Could you transcribe exactly the lines below, from the line with "In der Lagune" through the line with "2) Microsoft Store", and nothing else, leaving out the pictures?

Available records:
##########

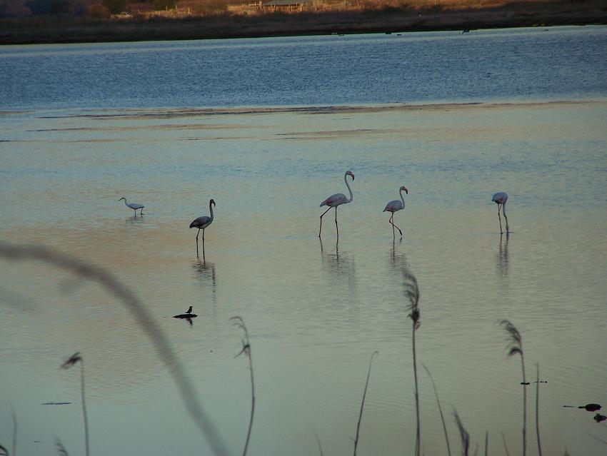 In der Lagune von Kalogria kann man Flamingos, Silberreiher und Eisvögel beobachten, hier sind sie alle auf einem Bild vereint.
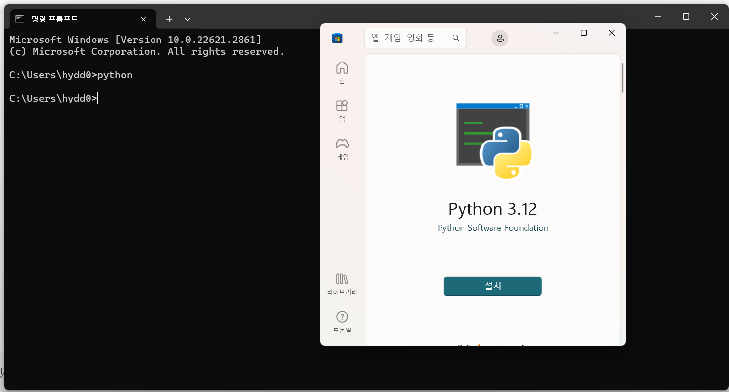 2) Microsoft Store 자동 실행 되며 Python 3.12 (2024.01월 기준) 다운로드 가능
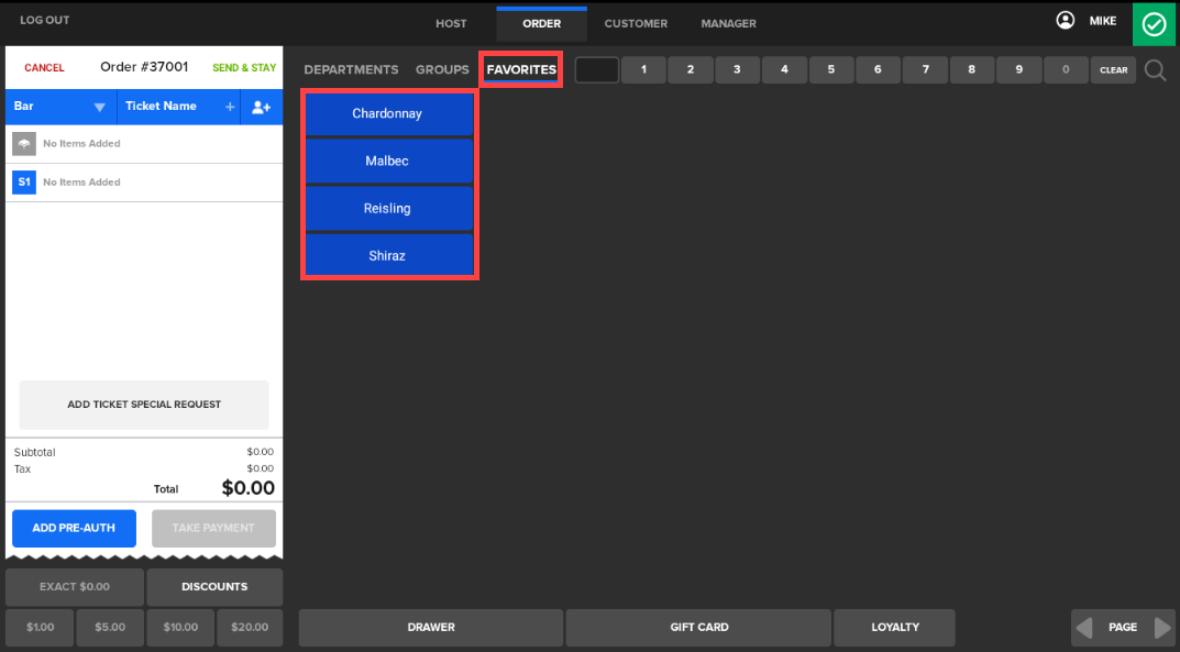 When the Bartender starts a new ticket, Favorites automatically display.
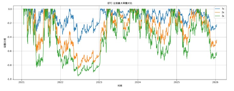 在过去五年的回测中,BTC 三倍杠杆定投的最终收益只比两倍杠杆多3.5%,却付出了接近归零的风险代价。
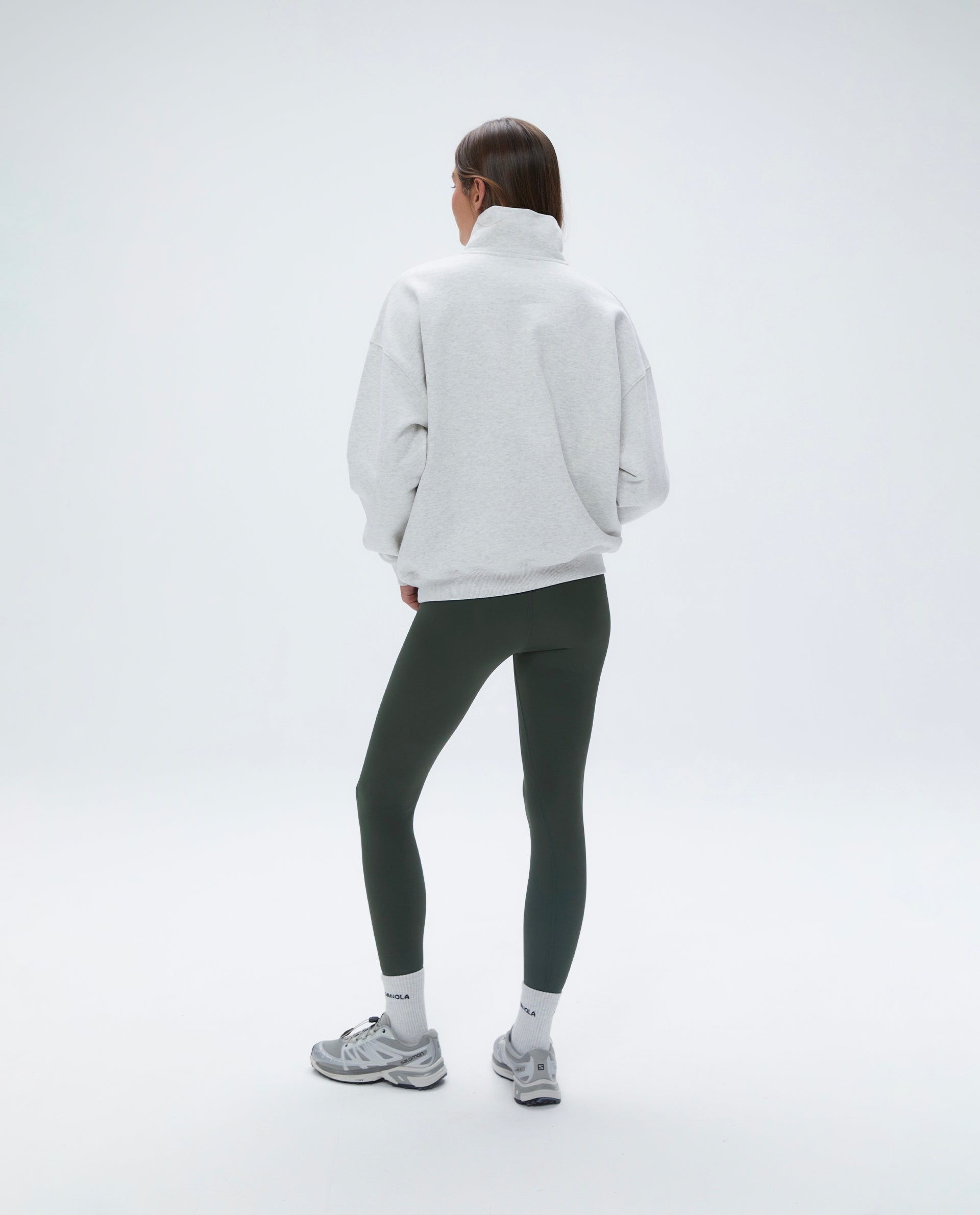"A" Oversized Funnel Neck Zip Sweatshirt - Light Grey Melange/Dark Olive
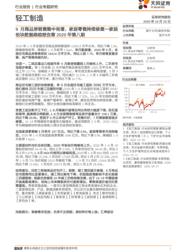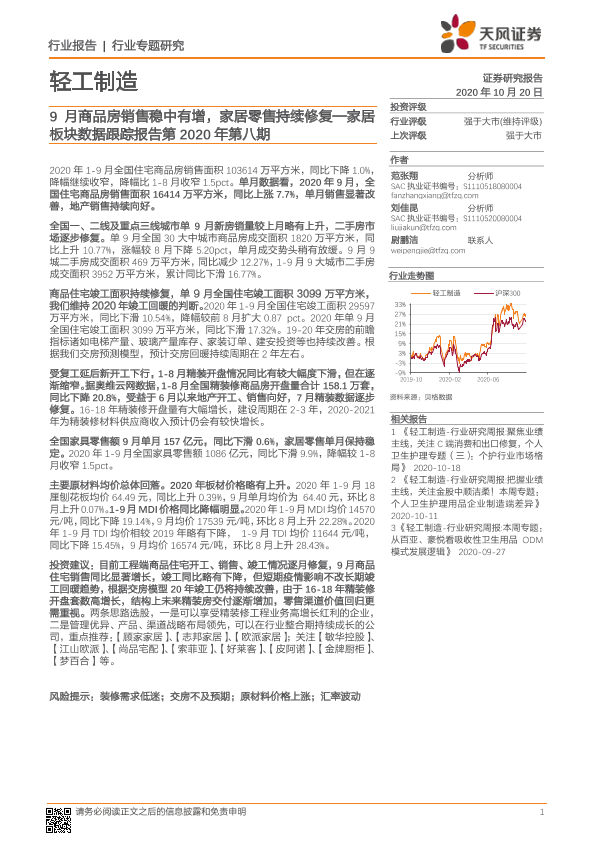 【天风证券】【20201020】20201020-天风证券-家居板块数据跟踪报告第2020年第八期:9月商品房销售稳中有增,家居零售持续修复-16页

##########

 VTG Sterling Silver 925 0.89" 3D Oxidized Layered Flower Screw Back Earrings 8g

##########

Solution below:
 In der Lagune von Kalogria kann man Flamingos, Silberreiher und Eisvögel beobachten, hier sind sie alle auf einem Bild vereint.
 2) Microsoft Store 자동 실행 되며 Python 3.12 (2024.01월 기준) 다운로드 가능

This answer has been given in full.